Work order ▸
Reproduce every entry exactly as given.

Collection entries:
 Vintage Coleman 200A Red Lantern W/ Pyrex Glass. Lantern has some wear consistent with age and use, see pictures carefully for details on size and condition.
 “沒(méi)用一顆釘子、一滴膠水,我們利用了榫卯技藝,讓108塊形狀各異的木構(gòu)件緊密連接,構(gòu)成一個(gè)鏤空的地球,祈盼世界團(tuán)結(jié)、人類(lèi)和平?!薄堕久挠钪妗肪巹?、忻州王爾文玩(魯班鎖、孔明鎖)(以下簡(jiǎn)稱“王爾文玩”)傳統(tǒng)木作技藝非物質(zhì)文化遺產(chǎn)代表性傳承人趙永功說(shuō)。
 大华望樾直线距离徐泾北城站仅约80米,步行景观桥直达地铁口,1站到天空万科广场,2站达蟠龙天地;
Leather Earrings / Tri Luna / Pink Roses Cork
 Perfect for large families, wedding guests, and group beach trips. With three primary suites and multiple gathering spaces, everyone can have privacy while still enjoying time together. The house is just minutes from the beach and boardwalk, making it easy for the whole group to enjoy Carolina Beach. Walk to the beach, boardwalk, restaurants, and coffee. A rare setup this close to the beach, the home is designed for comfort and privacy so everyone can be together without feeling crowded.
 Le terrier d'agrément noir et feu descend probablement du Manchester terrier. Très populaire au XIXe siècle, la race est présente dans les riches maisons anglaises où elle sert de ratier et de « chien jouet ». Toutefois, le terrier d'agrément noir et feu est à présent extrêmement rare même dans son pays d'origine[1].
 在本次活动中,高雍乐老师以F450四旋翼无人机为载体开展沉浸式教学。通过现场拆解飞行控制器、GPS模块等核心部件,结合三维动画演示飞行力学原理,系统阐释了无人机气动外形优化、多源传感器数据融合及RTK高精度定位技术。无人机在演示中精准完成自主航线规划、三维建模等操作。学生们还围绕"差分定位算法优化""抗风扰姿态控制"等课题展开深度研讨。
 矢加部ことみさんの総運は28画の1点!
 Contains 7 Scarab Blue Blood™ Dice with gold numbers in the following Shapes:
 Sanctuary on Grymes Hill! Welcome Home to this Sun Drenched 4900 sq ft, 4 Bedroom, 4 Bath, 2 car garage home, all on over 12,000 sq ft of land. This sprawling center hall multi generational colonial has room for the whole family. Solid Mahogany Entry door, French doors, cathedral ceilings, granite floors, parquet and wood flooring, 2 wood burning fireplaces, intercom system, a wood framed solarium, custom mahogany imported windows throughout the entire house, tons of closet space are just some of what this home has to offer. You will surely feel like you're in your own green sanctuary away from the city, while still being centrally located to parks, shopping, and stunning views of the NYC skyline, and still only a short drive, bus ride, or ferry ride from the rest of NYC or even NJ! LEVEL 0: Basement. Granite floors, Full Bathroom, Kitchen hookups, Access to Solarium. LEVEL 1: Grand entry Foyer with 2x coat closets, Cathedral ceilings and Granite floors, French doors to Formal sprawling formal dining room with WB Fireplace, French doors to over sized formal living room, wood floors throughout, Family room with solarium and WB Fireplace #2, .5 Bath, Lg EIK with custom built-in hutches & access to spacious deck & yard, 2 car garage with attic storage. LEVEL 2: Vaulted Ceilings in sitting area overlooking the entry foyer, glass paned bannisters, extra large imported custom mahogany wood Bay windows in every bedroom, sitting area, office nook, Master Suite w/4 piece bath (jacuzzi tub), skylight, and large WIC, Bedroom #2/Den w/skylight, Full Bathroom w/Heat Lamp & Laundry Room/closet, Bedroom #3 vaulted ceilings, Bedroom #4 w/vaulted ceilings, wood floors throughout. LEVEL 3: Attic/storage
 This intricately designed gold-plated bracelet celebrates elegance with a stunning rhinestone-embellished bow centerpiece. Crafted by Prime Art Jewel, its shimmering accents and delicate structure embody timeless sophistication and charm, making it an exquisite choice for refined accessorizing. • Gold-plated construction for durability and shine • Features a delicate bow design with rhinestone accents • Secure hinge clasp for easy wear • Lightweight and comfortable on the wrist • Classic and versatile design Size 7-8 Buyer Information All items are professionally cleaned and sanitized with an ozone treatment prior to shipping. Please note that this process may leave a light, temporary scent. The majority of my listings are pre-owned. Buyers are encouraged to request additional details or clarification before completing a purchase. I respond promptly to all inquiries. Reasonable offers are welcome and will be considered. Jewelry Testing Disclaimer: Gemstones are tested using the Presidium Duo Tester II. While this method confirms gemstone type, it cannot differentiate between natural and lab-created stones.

Output for this task ▸
 Vintage Coleman 200A Red Lantern W/ Pyrex Glass. Lantern has some wear consistent with age and use, see pictures carefully for details on size and condition.
 “沒(méi)用一顆釘子、一滴膠水,我們利用了榫卯技藝,讓108塊形狀各異的木構(gòu)件緊密連接,構(gòu)成一個(gè)鏤空的地球,祈盼世界團(tuán)結(jié)、人類(lèi)和平?!薄堕久挠钪妗肪巹?、忻州王爾文玩(魯班鎖、孔明鎖)(以下簡(jiǎn)稱“王爾文玩”)傳統(tǒng)木作技藝非物質(zhì)文化遺產(chǎn)代表性傳承人趙永功說(shuō)。
 大华望樾直线距离徐泾北城站仅约80米,步行景观桥直达地铁口,1站到天空万科广场,2站达蟠龙天地;
Leather Earrings / Tri Luna / Pink Roses Cork
 Perfect for large families, wedding guests, and group beach trips. With three primary suites and multiple gathering spaces, everyone can have privacy while still enjoying time together. The house is just minutes from the beach and boardwalk, making it easy for the whole group to enjoy Carolina Beach. Walk to the beach, boardwalk, restaurants, and coffee. A rare setup this close to the beach, the home is designed for comfort and privacy so everyone can be together without feeling crowded.
 Le terrier d'agrément noir et feu descend probablement du Manchester terrier. Très populaire au XIXe siècle, la race est présente dans les riches maisons anglaises où elle sert de ratier et de « chien jouet ». Toutefois, le terrier d'agrément noir et feu est à présent extrêmement rare même dans son pays d'origine[1].
 在本次活动中,高雍乐老师以F450四旋翼无人机为载体开展沉浸式教学。通过现场拆解飞行控制器、GPS模块等核心部件,结合三维动画演示飞行力学原理,系统阐释了无人机气动外形优化、多源传感器数据融合及RTK高精度定位技术。无人机在演示中精准完成自主航线规划、三维建模等操作。学生们还围绕"差分定位算法优化""抗风扰姿态控制"等课题展开深度研讨。
 矢加部ことみさんの総運は28画の1点!
 Contains 7 Scarab Blue Blood™ Dice with gold numbers in the following Shapes:
 Sanctuary on Grymes Hill! Welcome Home to this Sun Drenched 4900 sq ft, 4 Bedroom, 4 Bath, 2 car garage home, all on over 12,000 sq ft of land. This sprawling center hall multi generational colonial has room for the whole family. Solid Mahogany Entry door, French doors, cathedral ceilings, granite floors, parquet and wood flooring, 2 wood burning fireplaces, intercom system, a wood framed solarium, custom mahogany imported windows throughout the entire house, tons of closet space are just some of what this home has to offer. You will surely feel like you're in your own green sanctuary away from the city, while still being centrally located to parks, shopping, and stunning views of the NYC skyline, and still only a short drive, bus ride, or ferry ride from the rest of NYC or even NJ! LEVEL 0: Basement. Granite floors, Full Bathroom, Kitchen hookups, Access to Solarium. LEVEL 1: Grand entry Foyer with 2x coat closets, Cathedral ceilings and Granite floors, French doors to Formal sprawling formal dining room with WB Fireplace, French doors to over sized formal living room, wood floors throughout, Family room with solarium and WB Fireplace #2, .5 Bath, Lg EIK with custom built-in hutches & access to spacious deck & yard, 2 car garage with attic storage. LEVEL 2: Vaulted Ceilings in sitting area overlooking the entry foyer, glass paned bannisters, extra large imported custom mahogany wood Bay windows in every bedroom, sitting area, office nook, Master Suite w/4 piece bath (jacuzzi tub), skylight, and large WIC, Bedroom #2/Den w/skylight, Full Bathroom w/Heat Lamp & Laundry Room/closet, Bedroom #3 vaulted ceilings, Bedroom #4 w/vaulted ceilings, wood floors throughout. LEVEL 3: Attic/storage
 This intricately designed gold-plated bracelet celebrates elegance with a stunning rhinestone-embellished bow centerpiece. Crafted by Prime Art Jewel, its shimmering accents and delicate structure embody timeless sophistication and charm, making it an exquisite choice for refined accessorizing. • Gold-plated construction for durability and shine • Features a delicate bow design with rhinestone accents • Secure hinge clasp for easy wear • Lightweight and comfortable on the wrist • Classic and versatile design Size 7-8 Buyer Information All items are professionally cleaned and sanitized with an ozone treatment prior to shipping. Please note that this process may leave a light, temporary scent. The majority of my listings are pre-owned. Buyers are encouraged to request additional details or clarification before completing a purchase. I respond promptly to all inquiries. Reasonable offers are welcome and will be considered. Jewelry Testing Disclaimer: Gemstones are tested using the Presidium Duo Tester II. While this method confirms gemstone type, it cannot differentiate between natural and lab-created stones.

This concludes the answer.